As shown in FIG. 45, upon detection of absolute coordinate data
about the input pattern written in the following order (or writing
direction): (x.sub.0, y.sub.0), (x.sub.1, y.sub.1), (x.sub.2,
y.sub.2) and (X.sub.3, y.sub.3), the movement distance calculation
means 310 calculates relative coordinate data (p.sub.0, q.sub.0),
(p.sub.1, q.sub.1), and (p.sub.2, q.sub.2). In this process,
p.sub.n and q.sub.n (n=0 to 2) are calculated as
p.sub.n=x.sub.n+1-x.sub.n and q.sub.n=y.sub.n+1-y.sub.n,
respectively.
[0262] The operation of the eighth preferred embodiment will be
described with reference to the flowchart of FIG. 44. First, in
Step S11, the control means 24h controls the input section 20 to
acquire an input pattern.
[0263] Next, in Step S301, the control means 24h inquires of the
operating mode control means 301 as to the current operating mode.
If the operating mode indicates the character recognition, the
process proceeds to Step S12 for the subsequent processes similar
to those of the seventh preferred embodiment. If not, the process
proceeds to Step S304. In this example, the operating mode which
indicates no character recognition will be described.
[0264] In Step S304, the control means 24h sends the input pattern
obtained by the input section 20 to the movement distance
calculation means 310, and the movement distance calculation means
310 calculates relative coordinates based on the absolute
coordinates of the entire input pattern. The relative coordinates
generated by the movement distance calculation means 310 are
calculated, for example, in a manner described with reference to
FIG. 45.
[0265] Next, in Step S305, the control means 24h sends all of the
relative coordinates generated by the movement distance calculation
means 310 to the key code generation means 311, and the key code
generation means 311 generates key codes corresponding to all pairs
of the relative coordinates.
[0266] Next, in Step S3, the control means 24h sends all of the key
codes corresponding to the respective pairs of absolute coordinates
generated by the key code generation means 42 to the connection
section 302. The connection section 302 sends the key codes to the
external device such as the portable telephone 10.

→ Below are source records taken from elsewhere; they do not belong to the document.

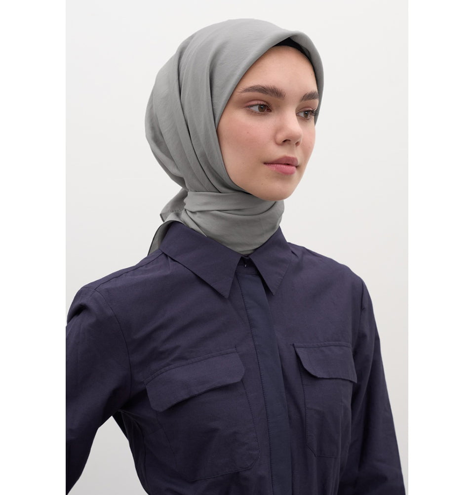 Solid Viscose Cotton Square Hijab - Silver
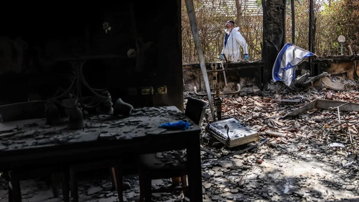 7 октября 2023 года. Тела погибших на дороге недалеко от кибуца Гевим. Фото: OREN ZIV / AFP / East News
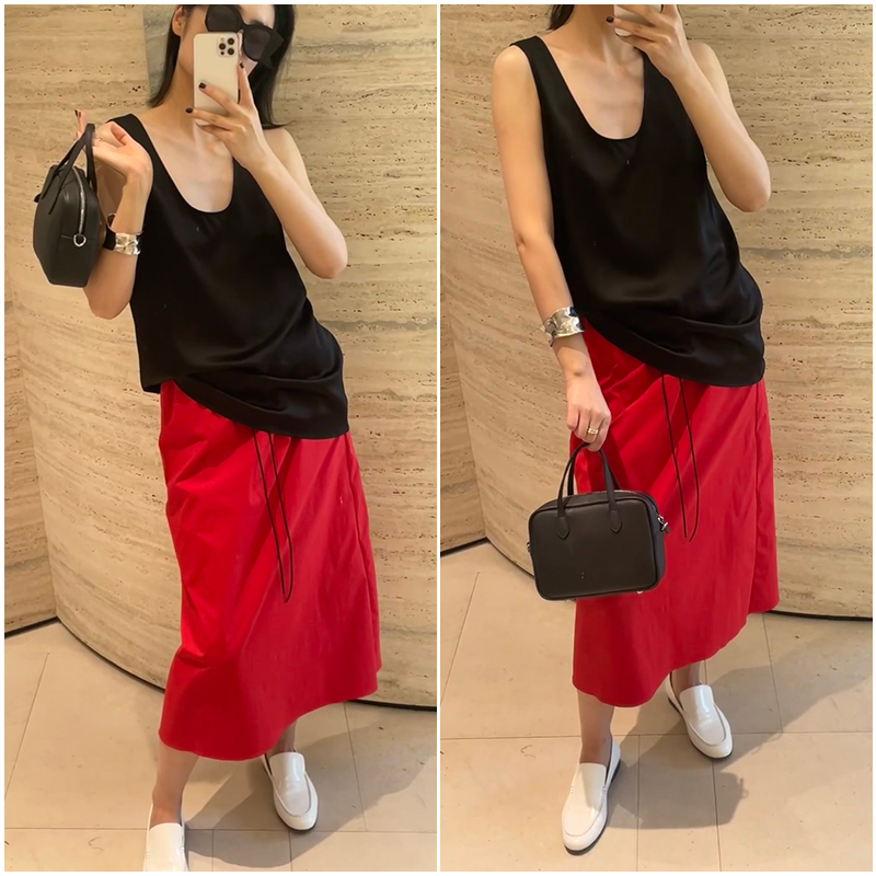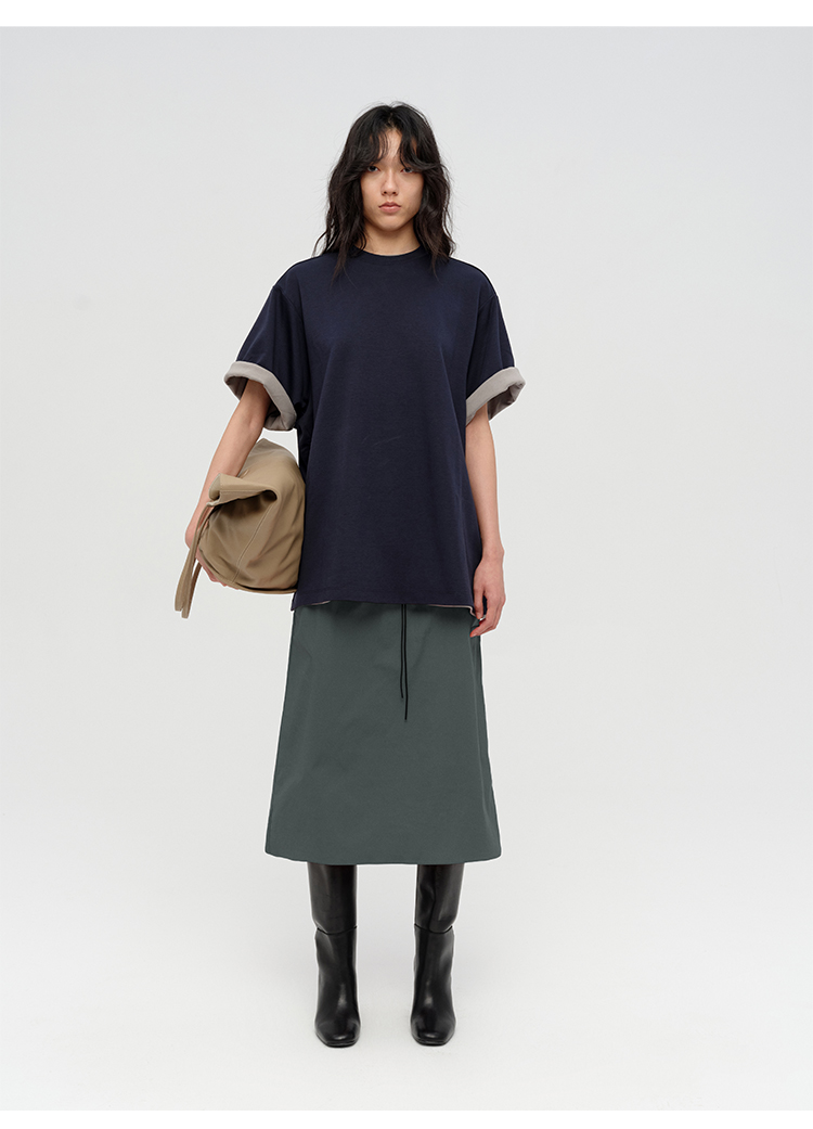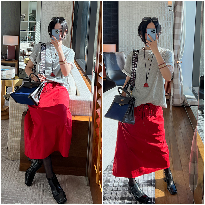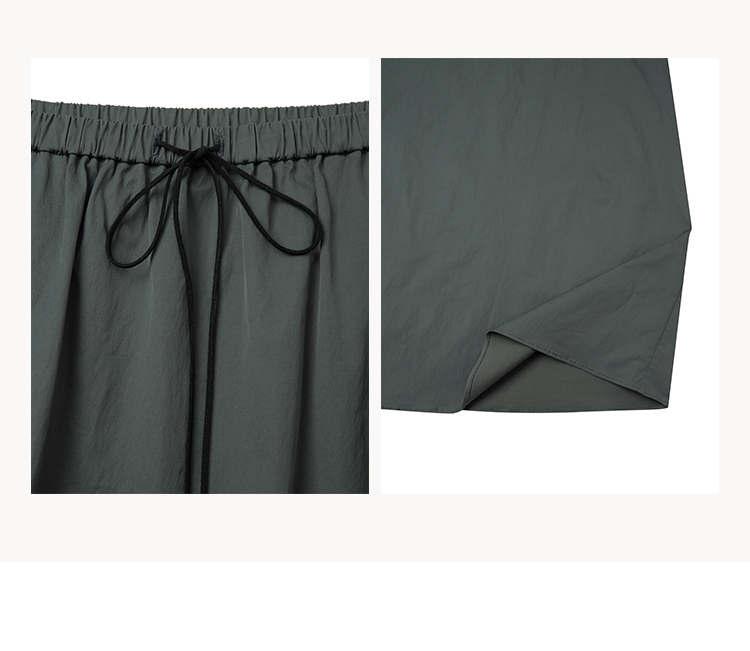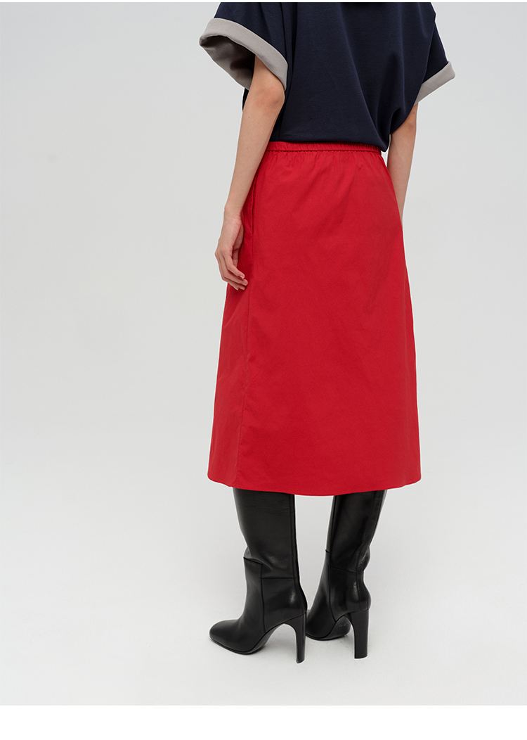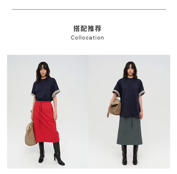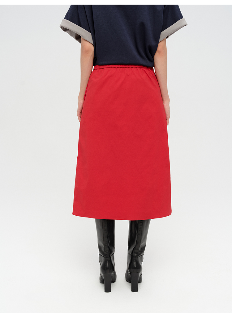 HIDEMI 极简麂皮抽绳松紧带干爽棉口袋休闲感半身裙 马斯正红/雾霾蓝灰

[0267] Next, in Step S4, the control means 24h judges whether or
not input is terminated. In this example, it is assumed that input
is terminated and the process is terminated.

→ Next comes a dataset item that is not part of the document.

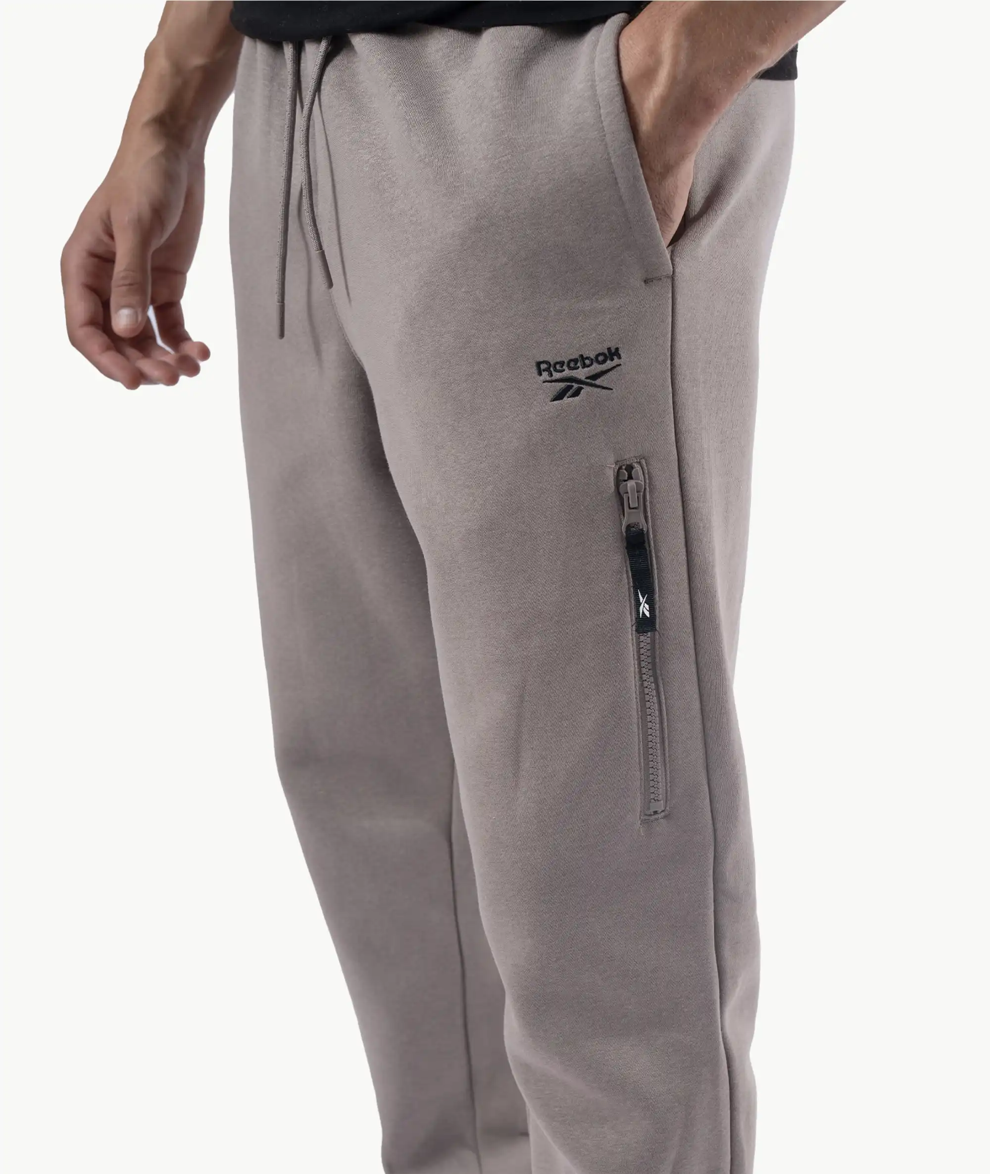 Jogging REEBOK couleur taupe, doux et chaud, parfait pour le sport ou la détente. Taille élastiquée à cordon, poches pratiques dont une zippée.

[0268] As described above, the auxiliary input device according to
the eighth preferred embodiment comprises the movement distance
calculation means 310 for calculating the relative coordinates from
the input pattern from the input section 20, and the key code
generation means 311 for converting the relative coordinate pair
into the corresponding key code. This allows the implementation of
an application (e.g., mouse-like use) which uses the relative
coordinate data in the external device, thereby to improve the
applicability of the auxiliary input device.

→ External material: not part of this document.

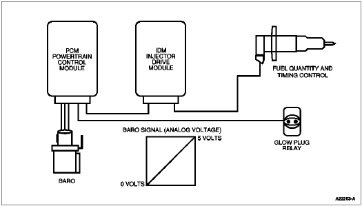 Glow Plug Control — The BARO signal (barometric pressure) is one of the variables used to calculate glow plug on time. At higher altitudes glow plug on time is increased to insure faster clean up of start-up smoke.

[0269] The use of the relative coordinate data reduces the amount
of information as compared with the absolute coordinate data, to
allow accordingly efficient data transmission.
[0270] Ninth Preferred Embodiment
[0271] FIG. 46 is a block diagram of the auxiliary input device
according to a ninth preferred embodiment of the present invention.
As shown in FIG. 46, the auxiliary input device according to the
ninth preferred embodiment comprises the input section 20, the
operating mode control means 301, the character recognition means
21, a key code generation means 313, the connection section 302,
and a control means 24i.
[0272] Referring to FIG. 46, the key code generation means 313
generates a key code provided for the external device from
character information obtained from the character recognition means
21 and a character pattern obtained from the input section 20. The
control means 24i controls the input section 20, the operating mode
control means 301, the character recognition means 21, the key code
generation means 313, and the connection section 302. The remaining
structure of the ninth preferred embodiment is similar to that of
the seventh preferred embodiment shown in FIG. 40.
[0273] FIG. 47 is a flowchart showing the procedure of a
handwriting input operation using the auxiliary input device
according to the ninth preferred embodiment. This process is
performed under the control of the control means 24i. The
precondition of the ninth preferred embodiment is identical with
that of the first to eighth preferred embodiments.
[0274] The operation of the ninth preferred embodiment will be
described with reference to the flowchart of FIG. 47.
[0275] Referring to FIG. 47, the control means 24i controls the
input section 20 to acquire a character in Step S111.
[0276] Next, in Step S301, the control means 24i inquires of the
operating mode control means 301 as to the current operating mode.
If the operating mode indicates the character recognition, the
process proceeds to Step S12 for the subsequent processes similar
to those of the seventh preferred embodiment. If not, the process
proceeds to Step S306. In this example, the operating mode which
indicates no character recognition will be described.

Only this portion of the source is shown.